Absolutely, says Ethernet co-creator Bob Metcalfe. Speaking yesterday at a 30th birthday celebration for Ethernet held at the Xerox Corp. (NYSE: XRX) Palo Alto Research Center (PARC), he said Ethernet's still got the power to go 15 rounds with anybody.
Here's how Metcalfe sees Ethernet faring against the three latest contenders -- or, in his words, the "three new Godzillas it's about to crush."
- Fibre Channel: "It's doomed. It's dead. It's beginning to smell." Metcalfe sees IP eventually winning the SAN battle, especially once 10-Gigabit Ethernet starts to deploy.
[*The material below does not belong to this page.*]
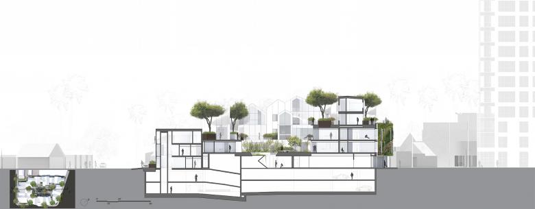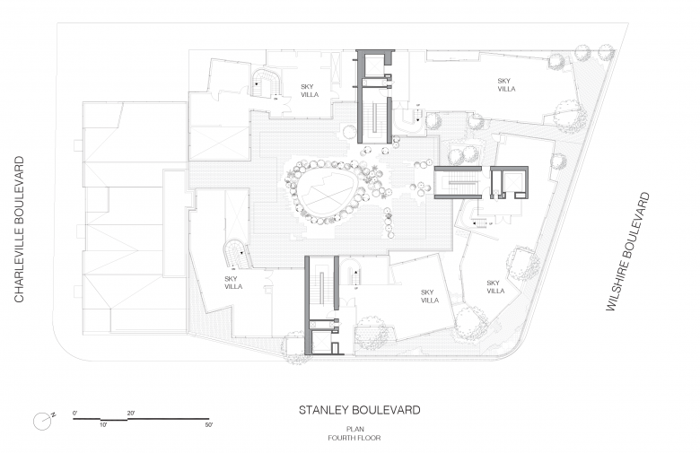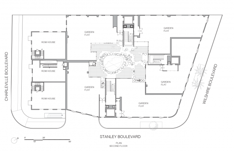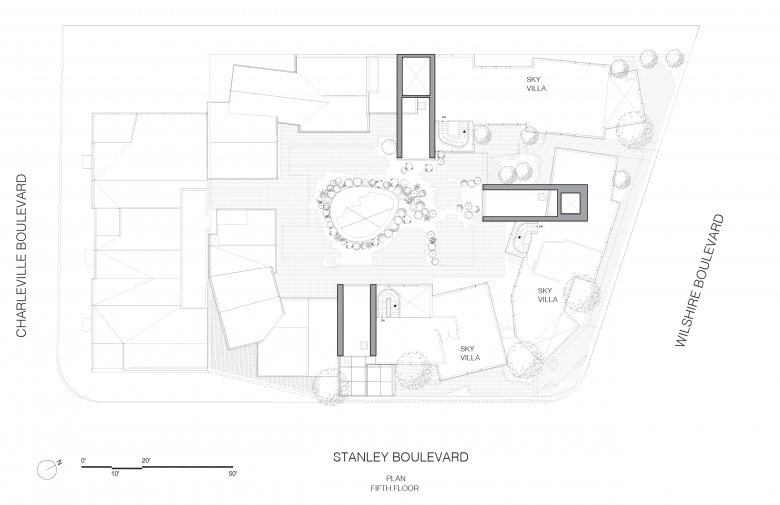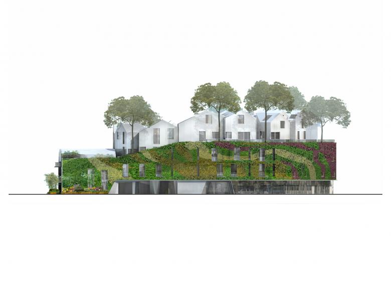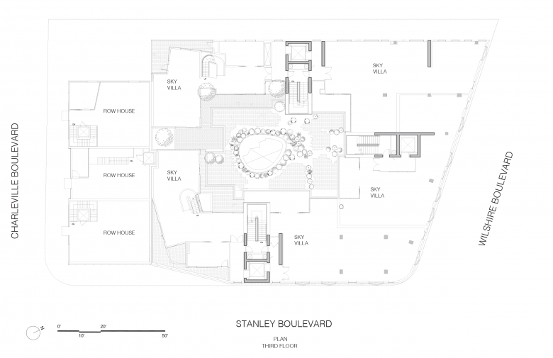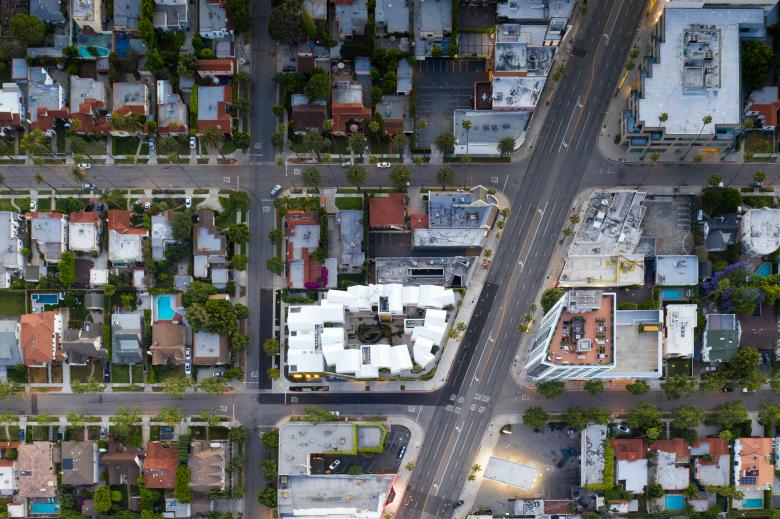 “山丘庭院”是一个混合功能项目:一层是临街商业,18个公寓单元此起彼伏生长于绿色平台之上。层叠的白色立面、尖屋顶,和不规则的窗试图在用交错的直线条描绘出动态的画面。将洛杉矶标志性的山庄,在城市环境中复制,再在“山坡”上建立小村庄。这个画面就像卡通一样的直接和天真,甚至有些幽默。
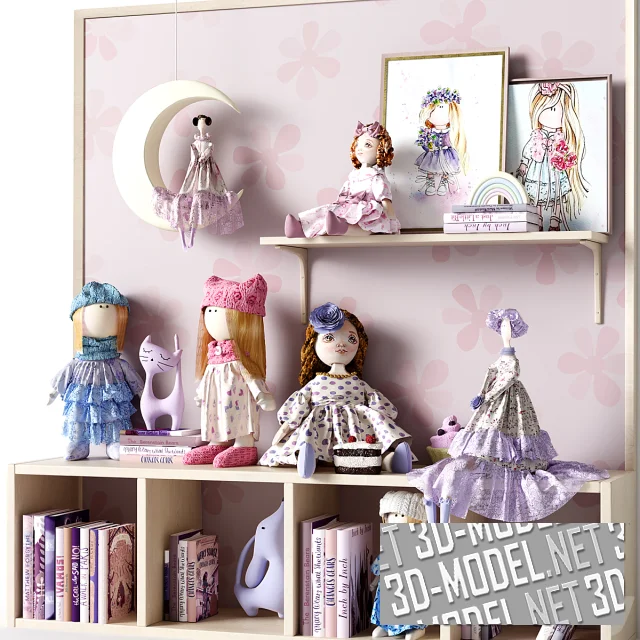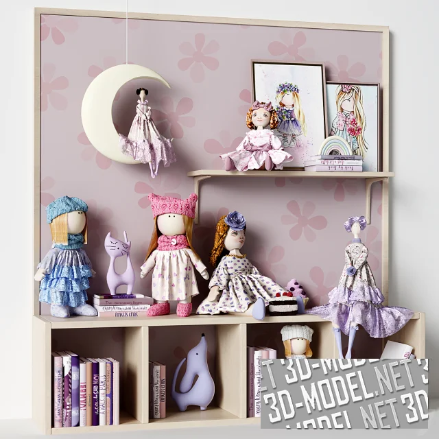 Аккуратная открытая полка с коллекцией декоративных элементов для детской комнаты. В центре внимания куклы в разноцветных платьях, мягкие игрушки и небольшие аксессуары вроде подвесной луны, миниатюрных книжек и фигурок. Нежная пастельная палитра, сочетание древесной фактуры и розово-лилового фона с цветочным узором создают атмосферу детской комнаты или уютного творческого уголка. Такой набор уместен как декоративный акцент на стеллаже, в зоне игры, в фотозоне или витрине магазина, где требуется мягкое и дружелюбное визуальное настроение.

- Sonet: Same kind of story, with a mumbled aside about how the phone companies continue forcing this one on us. Better to inject the network with optical Ethernet wherever possible.
- Cellular: With 802.11 ("wireless Ethernet," to many) access points popping up like dandelions, cellular doesn't have a chance when it comes to data -- although, Metcalfe conceded, the two will coexist for a while.
Metcalfe, a general partner with Polaris Venture Partners was the star of the afternoon program, held for an invite-only crowd of 300 or so Silicon Valley luminaries and media (see 3Com Salutes Ethernet at 30). He also moderated a panel of Valley vets who swapped stories about Ethernet's old days and the struggle to get the protocol accepted.
As legend has it, Ethernet was born in a 1973 memo by Metcalfe, who invented the concept with fellow PARC researcher Dave Boggs. And it's been a battle ever since. Metcalfe rattled off a few dozen challengers Ethernet has faced: other PARC protocols, technologies from other companies such as Apple Computer Inc. (Nasdaq: AAPL) or Hewlett-Packard Co. (NYSE: HPQ), and political rivals within the Institute of Electrical and Electronics Engineers Inc. (IEEE) 802.3 standardization efforts.
So, what's kept Ethernet on top? Well, it's partly a semantic trick: "Ethernet has changed and changed and changed -- and thank goodness, they still use the same word for it."
But like Doctor Who's regenerations, Ethernet has retained some core characteristics. It's simple and flexible, and that's helped its longevity.
In fact, Metcalfe said he chose the word "Ether" because he didn't want Ethernet to be associated with a particular media such as co-ax cables or copper twisted pair. That flexibility helped keep Ethernet relevant as technology advanced. "It planted the idea that [Ethernet] was going to evolve."
(By contrast, a bad word choice was "collision," used by Metcalfe in describing how traffic shares the ether. It caused trouble early on. "People know what collisions are. They're metal and glass and blood flowing everywhere. They didn't want collisions in their network.")
But the real reason for Ethernet's success wasn't so much in the technology as in the way it was sold: " 'Ethernet' is a business model," Metcalfe said.
The model was radical for its time: Ethernet was licensed for cheap, but it was enforced like a standard.
During the panel session, PARC colleague David Liddle, now general partner at U.S. Venture Partners, said Xerox charged a one-time license fee of just $1,000. That's in contrast to the huge fees associated with Token Ring.
Xerox's stipulation was that the technology couldn't be changed -- it had to interoperate with all other Ethernet implementations. "Thus we made a playing field in which we could all thrive and compete," Liddle said.
The low price helped Ethernet spread and fueled an entire industry of startups. And the continued interoperability between generations helped its foothold grow.